Entries provided:

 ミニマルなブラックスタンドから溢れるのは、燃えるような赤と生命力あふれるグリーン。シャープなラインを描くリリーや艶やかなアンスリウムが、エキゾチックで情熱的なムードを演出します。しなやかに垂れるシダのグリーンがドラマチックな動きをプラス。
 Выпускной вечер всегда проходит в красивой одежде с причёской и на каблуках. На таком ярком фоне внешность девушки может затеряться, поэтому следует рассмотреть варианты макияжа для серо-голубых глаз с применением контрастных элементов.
==
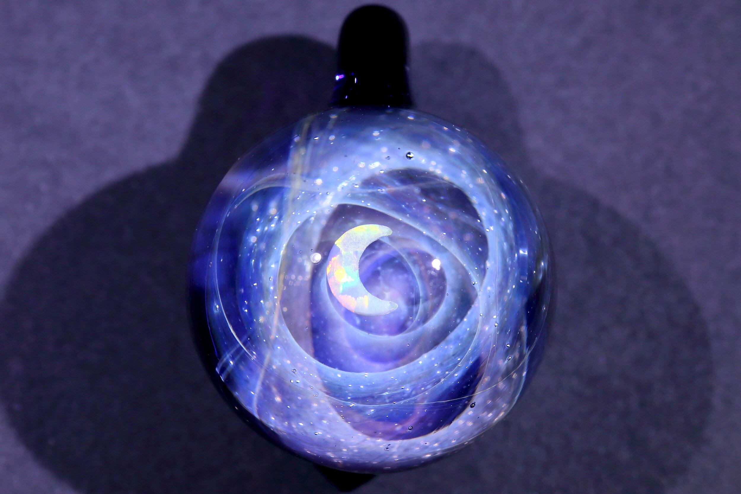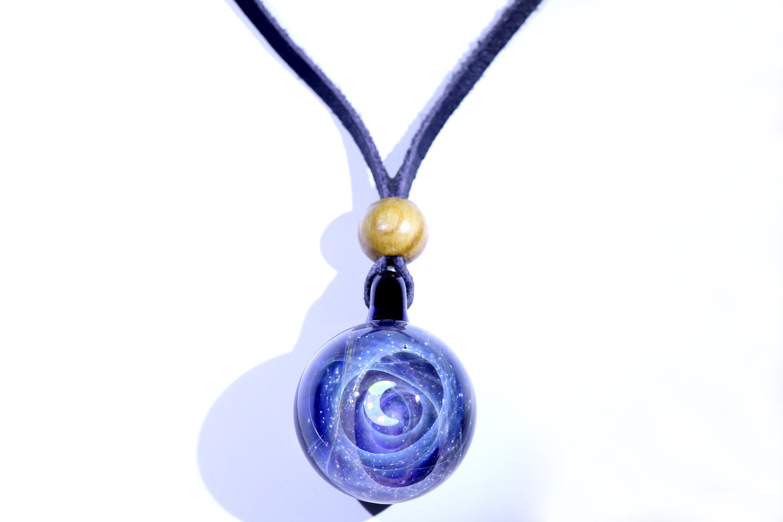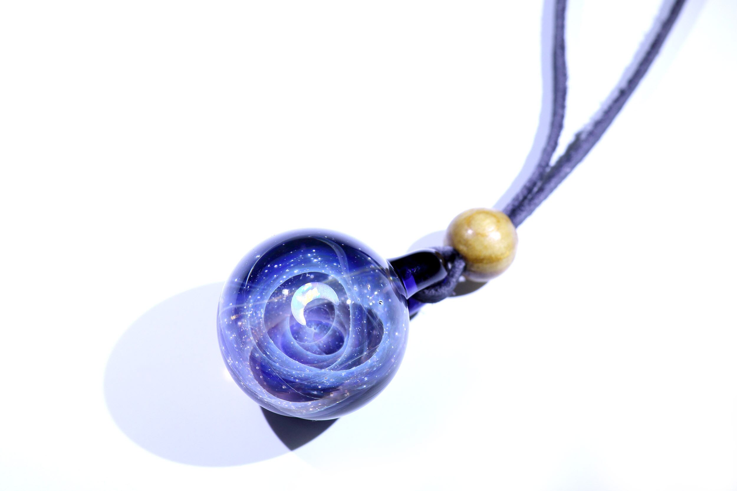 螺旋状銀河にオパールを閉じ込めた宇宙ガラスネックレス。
---
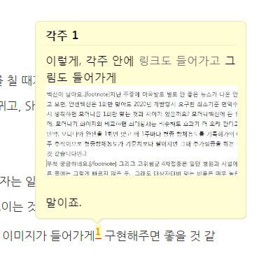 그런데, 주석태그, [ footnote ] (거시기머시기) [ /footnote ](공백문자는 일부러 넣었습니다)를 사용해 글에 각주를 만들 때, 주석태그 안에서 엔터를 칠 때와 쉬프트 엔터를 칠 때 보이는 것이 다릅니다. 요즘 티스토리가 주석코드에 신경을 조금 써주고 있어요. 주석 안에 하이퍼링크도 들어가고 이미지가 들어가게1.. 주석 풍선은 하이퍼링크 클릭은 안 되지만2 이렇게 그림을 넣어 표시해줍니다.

Assignment: Above are some lines. Repeat exactly, and only, those from the line that has "ミニマルなブラックスタンドか" through the line that has "Выпускной вечер всегда".

Output for this exercise:
 ミニマルなブラックスタンドから溢れるのは、燃えるような赤と生命力あふれるグリーン。シャープなラインを描くリリーや艶やかなアンスリウムが、エキゾチックで情熱的なムードを演出します。しなやかに垂れるシダのグリーンがドラマチックな動きをプラス。
 Выпускной вечер всегда проходит в красивой одежде с причёской и на каблуках. На таком ярком фоне внешность девушки может затеряться, поэтому следует рассмотреть варианты макияжа для серо-голубых глаз с применением контрастных элементов.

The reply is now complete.